The film, which opens Friday, has already garnered the Best Director award for Refn at Cannes. I saw a screening earlier this week.

And I haven't been so jazzed by a film's visual world in a long stretch.

Imagine a stark skeletal fable rendered in color-and-shadow-saturated set pieces: a moody L.A.-noir, at once intimate, lean, yet monumental, painted in sugar-candy baroque.

And blood of course. Lots of it -- and shockingly -- when blood-and-bullets time comes. Not to mention hammers, knives, and the odd fork or two.

The story, adapted from James Sallis' short novel: a nameless young movie stunt driver (Ryan Gosling), moonlighting as a getaway driver in L.A., falls for a young mom (Carey Mulligan) with a little boy. Her hubby (Oscar Isaac) turns up from an enforced absence. Gosling goes along to help on a "job."

Whereupon, as the great Ray Winstone would put it, things go all "pear-shaped." And Drive's shadowy guys (Albert Brooks and Ron Perlman) turn very dark indeed.

Gosling's enigmatic Driver smiles more than he speaks, to the point of an eerie "I am-a-machine" autist cool (except when he starts threatening baddies). The verbals are left to the dark side, and Albert Brooks does bravura work as a salt-of-the-earth schmuck who's a convincingly reluctant but truly scary monster.

Refn constructs Drive's rhythm with long stretches of silence, interspersing them with mayhem. You might say this is a movie about people sitting around quietly smiling, and then all hell exploding. I mean exploding. The gunfire even sounds beefed up, like in Bonnie and Clyde. A worthwhile tactic, if so, for its shock value. I thought somewhat of Soderbegh's intimate The Limey (certain scenes) ratcheted up with the silences-then-apocalypses of Takeshi Kitano films.

As for Drive's auto action, there's a big three, besides Mulligan and Gosling's debut holding of hands on a car's gear shift. First up: a tour de force of hide and seek through a haunting vision of L.A., structured around the radio play-by-play of a Clippers game. The second comes in tandem with a robbery, and the tandem is fantastic shocking stuff, a worthy addition to the pantheon of crime-thriller highlights. It's not quite Ronin's chase extravaganza -- has any actor ever registered high-speed driving like De Niro? -- but it has a higher adrenaline frenzy. The movie's Pandora Box gets flung open, and here comes hell on wheels. Gosling gives good value as a wheel man in action. Auto-action number three: Refn's theatricality comes on display, such as he showed in Bronson.

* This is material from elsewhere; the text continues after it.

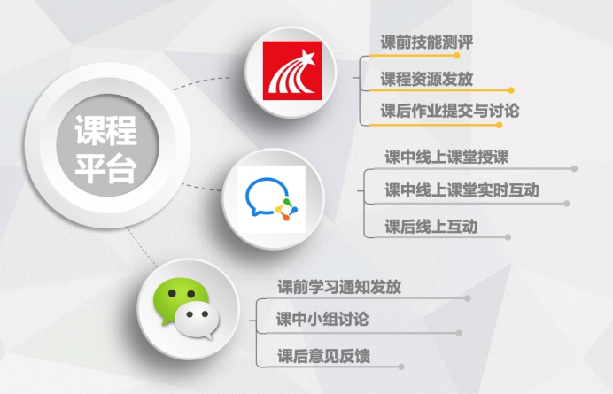 从教学目标出发,经过详细研判选定教学平台。本课程对学生参与度要求较高,同时也需要学生在课前及课后的自主学习及互动,因此对课程平台的选择,应当能够涵盖课前、课中、课后三个阶段的不同需要。超星学习通平台作为一直以来专注教学的专业平台,对平台栏目的设计较通用社交平台更能满足专业教学的需求,但同时也存在大量学生涌入平台同时学习时,平台操作稳定性不够的问题。而一些通用的社交平台,如微信、企业微信、腾讯QQ等,在实时通讯的方面则做得更好,平台更为稳定,抗冲击力也更强,更能面对大流量学生同时上课的问题。综合以上考量,我们设定以超星学习通为课前及课后阶段主体平台,企业微信、微信为课中主体平台相结合的方式展开在线教学方案设计。

Oh and there's brief urban-bucolic homage to To Live and Die in L.A. and the L.A. river.

Any ambitious crime thriller gives the pleasures of its answers to the genre's formalized moments and challenges. Drive's spin on the "Ferocious Encounter in a Confined Public Space" offers some hyper-violence fuel-injected with love suddenly showing its cards. Compare this to like situations in Kitano's Sonatine (pardon the dub) and Stallone's oddball (gulp, underrated?) Get Carter.

More profound is Drive's non-classical variation on the "Vulnerable Point" element of such films. Usually there's an inevitable shape to the narrative when the most vulnerable/valued people or situation are identified... But as with No Country for Old Men, Drive has its own way with this convention. I'm not sure if it ultimately works, to be honest. I mean that literally: I'm not sure. I'm not quite sure about the soundtrack, either, which is retro Europop stuff and lends, to my hard-boiled ears, a too-Wagnerian grandiosity to the proceedings.

But Drive -- one silence-and-sugar rush, one arresting artful ride. I can't wait to see it again to take in more fully its pleasures. Which, for all their immediacy, involve no handheld cameras!

But watch out for handshakes. And stunning closing shadows.

One final note, wine-related. Author Sallis is a prodigious talent: crime writer, poet, literary translator, biographer, musician. But in Drive the novel, he has a character (not in the movie) who brings to dinner supposedly tasty wines that I have to say, do not cut it. A Chilean Merlot? An Australian Merlot-Shiraz blend? Oy. If you're drinking in that style, I'd suggest an Argentinean Malbec Reserva or a Cab. I'd show up for a dinner for them.

Small disclaimer: Drive exec producer David Lancaster at Bold Films produced a film of mine called The Sadness of Sex. I'm sure he apologizes for that blunder every night in his prayers.